Nos envolviste con ese dolor añejo que da la ausencia eterna, amiga. Te felicito. Extraordinaria historia.
Un abrazo,
Jadi
Gracias... me hiciste acordar a cuando trabajaba para una institución del gobierno local y pude ver la muerte reflejada en los ojos de los que llegan a su fin. Nada más triste, pero haz logrado ponerle belleza en tan extraordinario relato que me ha conmovido. Tanto que no sabía como empezar mi comentario. Te mando un beso. CUNI
Un anciano médico que me tomó mucho afecto como a un hijo, de hecho le recordaba a uno que había fallecido tragicamente, sufría con mi dolor cuando mi madre estaba agonizando en el hospital. Incluyo mis emociones cuando trabajaba y ayudaba a las personas con problemas, sintiendo dolor cuando perdían un juicio o alegría cuando salían de sus problemas. Por esa mi realidad, comprendo como tu alma noble y sensible sufrió por tu paciente amigo. Sé que no es recomendable, pero ¿Quién puede impedir involucrarnos si Dios nos hizo así? Esta tu historia nunca la olvido, pues es como olvidarte a ti, doctora amiga querida, que al leerla de nuevo, tengo esa comprensión. Dios te bendiga y guarde tu noble corazón. Un beso fraterno.
Bellisimo relato, felicitaciones ...cuanta tristeza nos dejan, esa situación la viví por muchos años mientras acompañaba a un tío anciano. ver morir y sentir ese sórdido último latido, y esperar un próximo que nunca llega. Admiro al personal de salud por su entereza y por las cosas que les toca vivir, de las cuales fui testigo presencial por más de una década. Con gran hermosura expresaste ese sentimiento. Un abrazo, tibi
Relato de un final narrado con mucha poesía y dolor, te felicito.
Lili
Dolorosa historia. Tan bien haz reflejado ese momento final, la despediday la ausencia interminable.

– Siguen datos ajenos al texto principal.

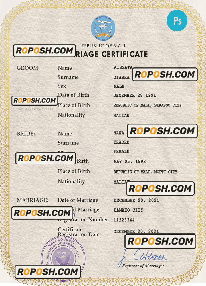– Join our growing list of satisfied customers today by getting your hands on our blank Mali marriage paper certificates.
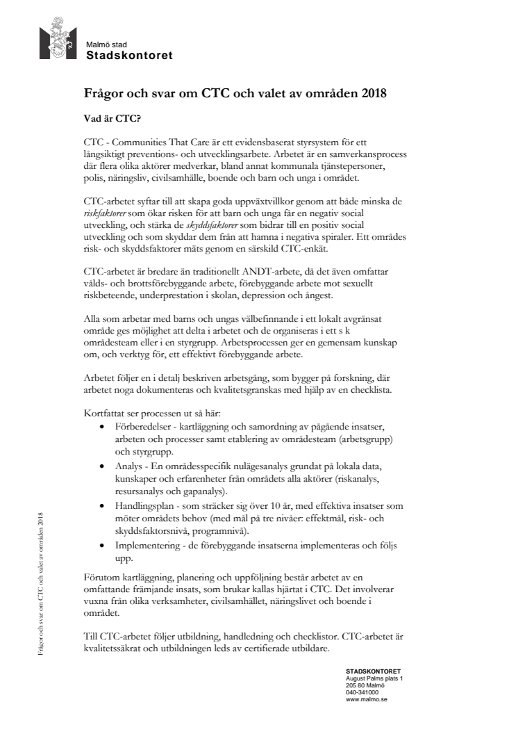 Frågor och svar om CTC och val av områden 2018
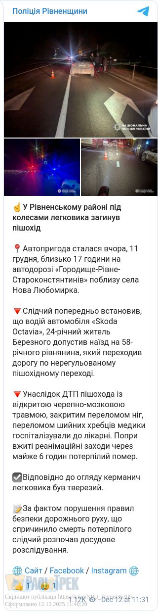 У Рівненському районі під колесами легковика загинув пішохід. ДТП сталася 11 грудня близько 17:00 на трасі «Городище–Рівне–Старокостянтинів» поблизу Нової Любомирки.
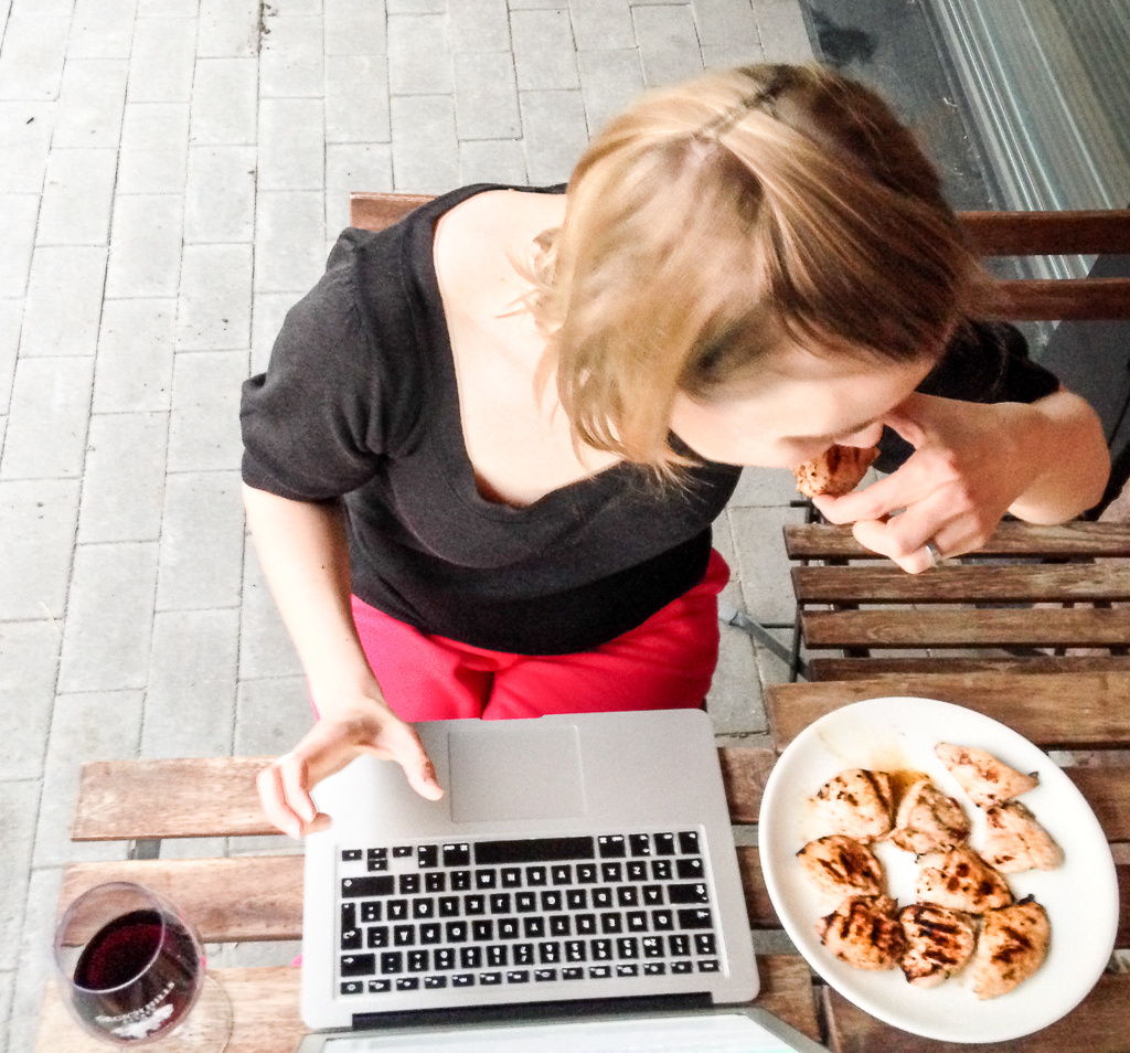 Grillattu-Kanasalaatti-0397Meillä kävi niin, että kotiin kannettujen ”tärkeiden ylitöiden” parissa sohvaan juurtunut äiti raahasi vaivihkaa ja miltei muiden huomaamatta tietokoneensa ja punaviinilasinsa ulos vain parkkeeratakseen puutarhapöydän ääreen, eli  jäähtyvän lihalautasen viereen. Tästä seurasi luonnollisestikin pientä hävikkiä ennen kuin salaatti ehti valmistua.
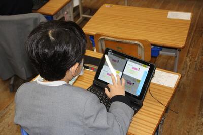 算数科では、小数のたし算やひき算について学習しています。「0.8-0.2」について、0.1がいくつ分あるのか整数に置き換えて考えました。タブレットPCに入力し、みんなの考えを共有して正解を探しました。情報共有アプリの使い方に慣れて、自分たちの力で進める3年生です。
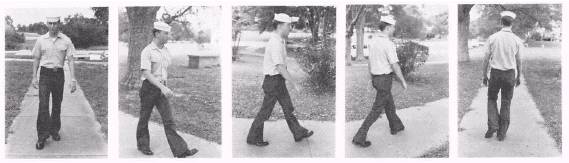 Figure 13-12. Showing change of screen direction. shots can be used to change screen direction by temporarily showing a neutral condition between two shots when the subject moves in opposite directions. Tracking shots are accomplished by moving the camera directly ahead or behind the subject, either leading or following the subject, respectively. As with head-on or tail-away shots, tracking shots are neutral only when the subject is not shown entering or leaving the frame and when only the front or back of the subject is shown. High-or-low camera angle shots-The subject moves directly toward and under or over the camera so, the subject exits at either the bottom or the top of the frame. Examples: a train, shot from a high-camera angle, may move directly under the camera and exit at the bottom of the frame, or an aircraft may take off and move over a low-angled camera and exit at the top of the frame. Subjects traveling abreast shots-Two or more subjects move directly toward the camera and split up to exit the frame on both sides of the camera, or enter the frame on both sides of the camera and join up, moving directly away from the camera. A neutral shot inserted between two shots of a subject moving in opposite cross-screen directions distracts the audience momentarily to allow for the change in direction. To open a sequence, you can use a head-on shot to bring a moving subject from a distant point toward the audience. To close a sequence, you can use a tail-away shot of a subject moving away from the camera. Shots, such as these, present moving images that increase or decrease in size and have more of an effect on apparent depth than do cross-screen movements. Head-on and tail-away tracking shots add variety by offering a change from the usual three-quarter side shots. Head-on shots tend to produce greater audience impact because the audience is placed dead center with the action advancing toward them. |
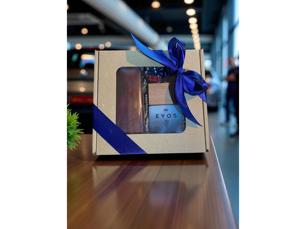 Stylová dárková krabička pro muže – vůně do auta Evos Angel a kovový přívěšek kola. Elegantní kombinace pro každého, kdo miluje vůni, styl a auta.
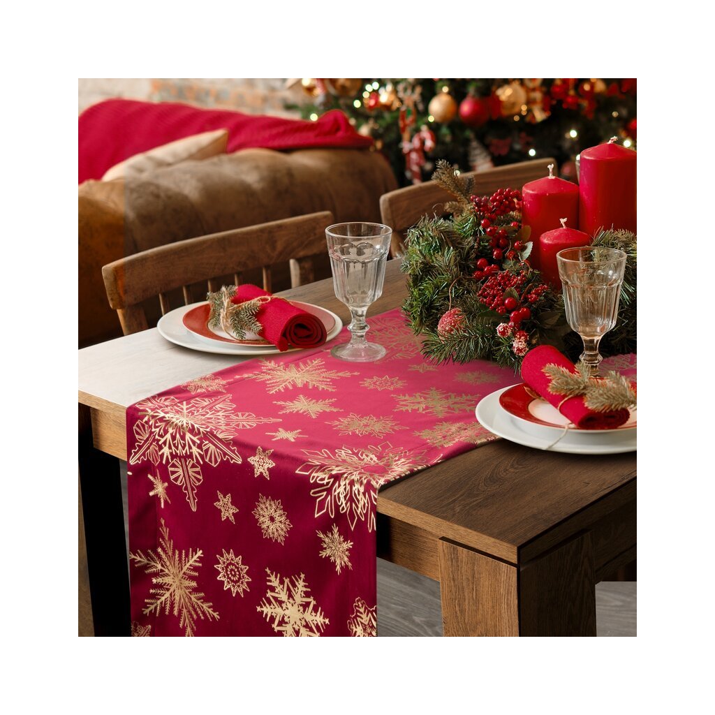 Vánoční ubrus JOY červený 40x140 cm
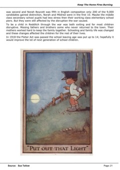 In 1918 the Fisher Act was passed the school leaving age was put up to 14; hopefully it
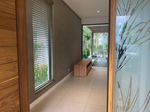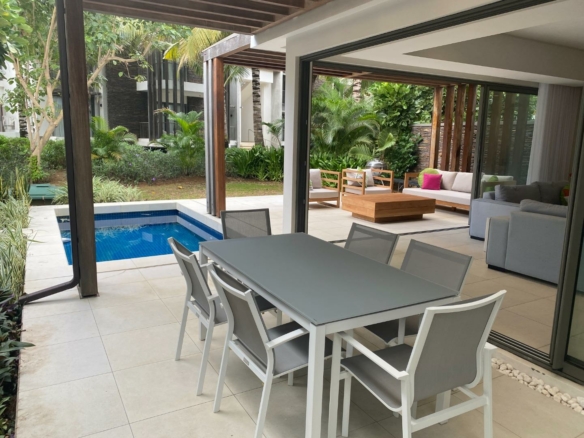 – Expansive glass doors that beckon you to step onto your private terrace, where a pristine pool and landscaped garden await your enjoyment.
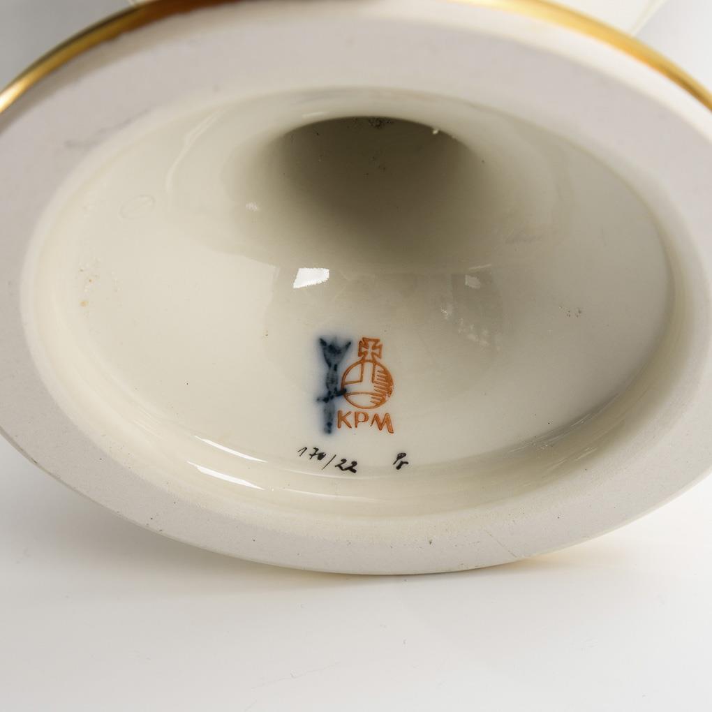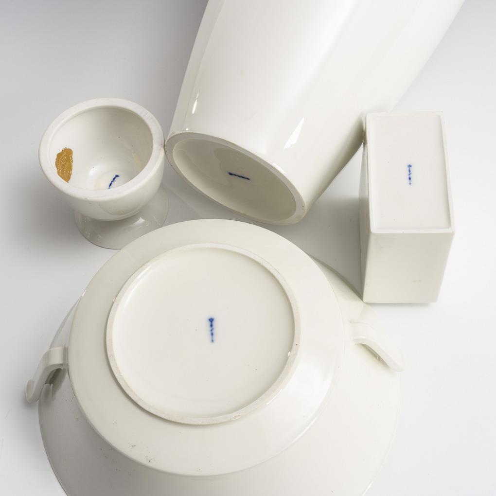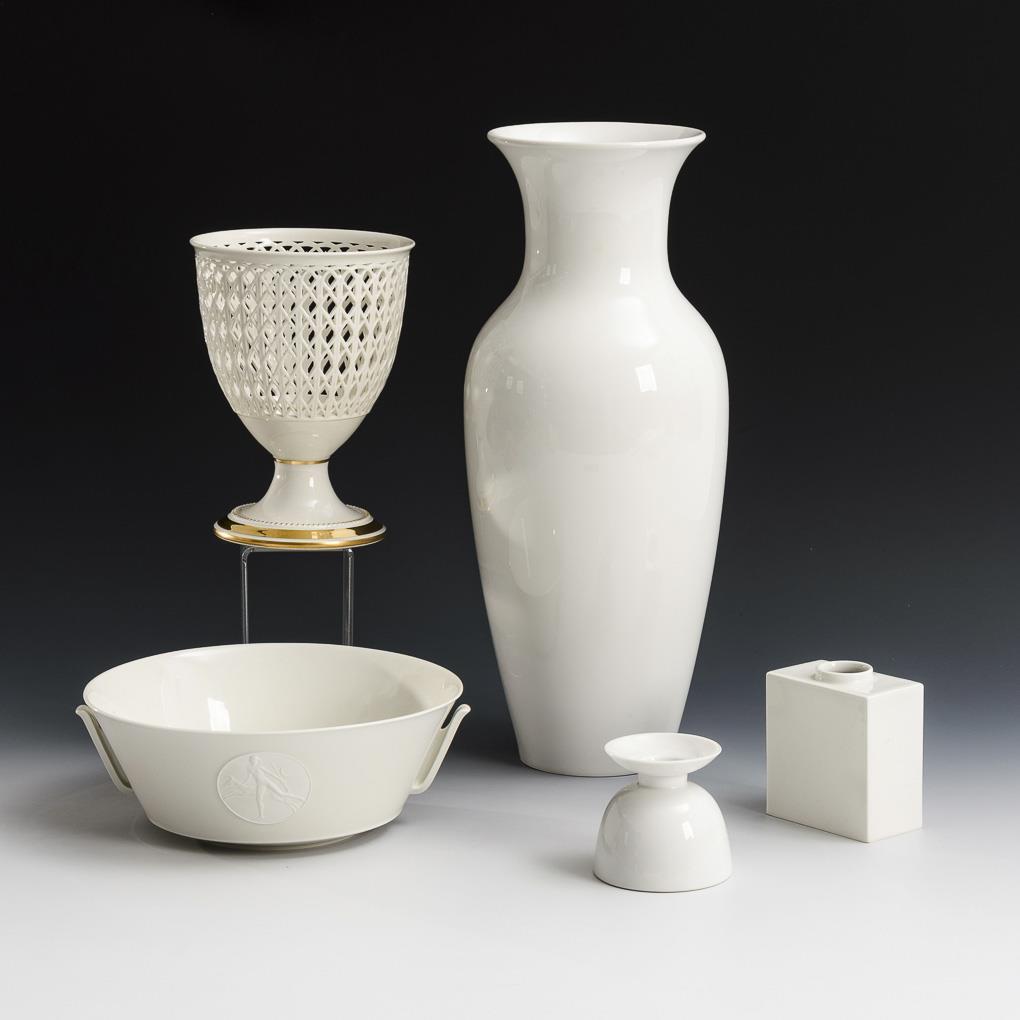 Baluster vase (h 40 cm). / Sugar basket (h 19 cm; without insert). / Bowl "Arcadia" (Ø 23.5 cm). / 1 tea caddy (H 9,5 cm; without lid). / 1 foot bowl (H 7.5 cm; lid missing).
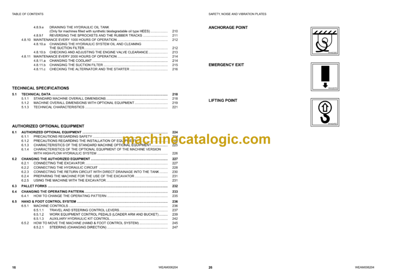 6.1.3 CHARACTERISTICS OF THE STANDARD MACHINE OPTIONAL EQUIPMENT
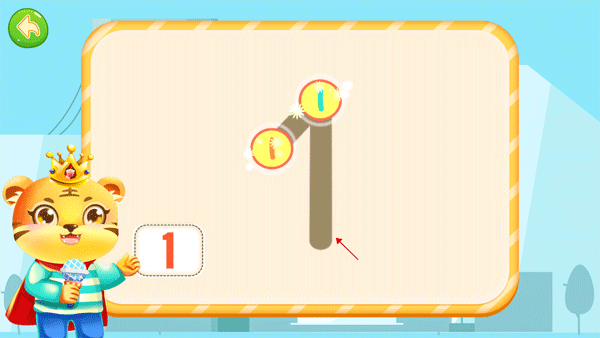 5、下面就进入到书写阶段,跟着提示来学写数字,后面还有找寻数字1,归类数字1等方式来教小孩学习数字。
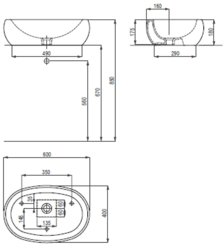 Тип монтажу: накладний на стільницю; матеріал: кераміка; форма: овальна; перелив; комплектація: чаша (умивальник); колір білий; габарити (мм): 600х400х180.

¡Hermosos texto, felicitaciones!
un cumulo de sensaciones y recuerdos...
simplemente lindo!!
salu2!!
Conmevedora historia. Me imagino a la mujer al lado de la cama de su padre, y a la enfermera o doctora haciendo guardia, dandose cuenta del final del "capitan". El final me llego, porque menciona la soledad que deja perder a alguien querido...ese vacio...
Bello amiga
Nos estamos leyendo
Besos
Me envuelves, me elevas, me acaricias con la ternura que desbordan tus imágenes y tus figuras. Realmente bello.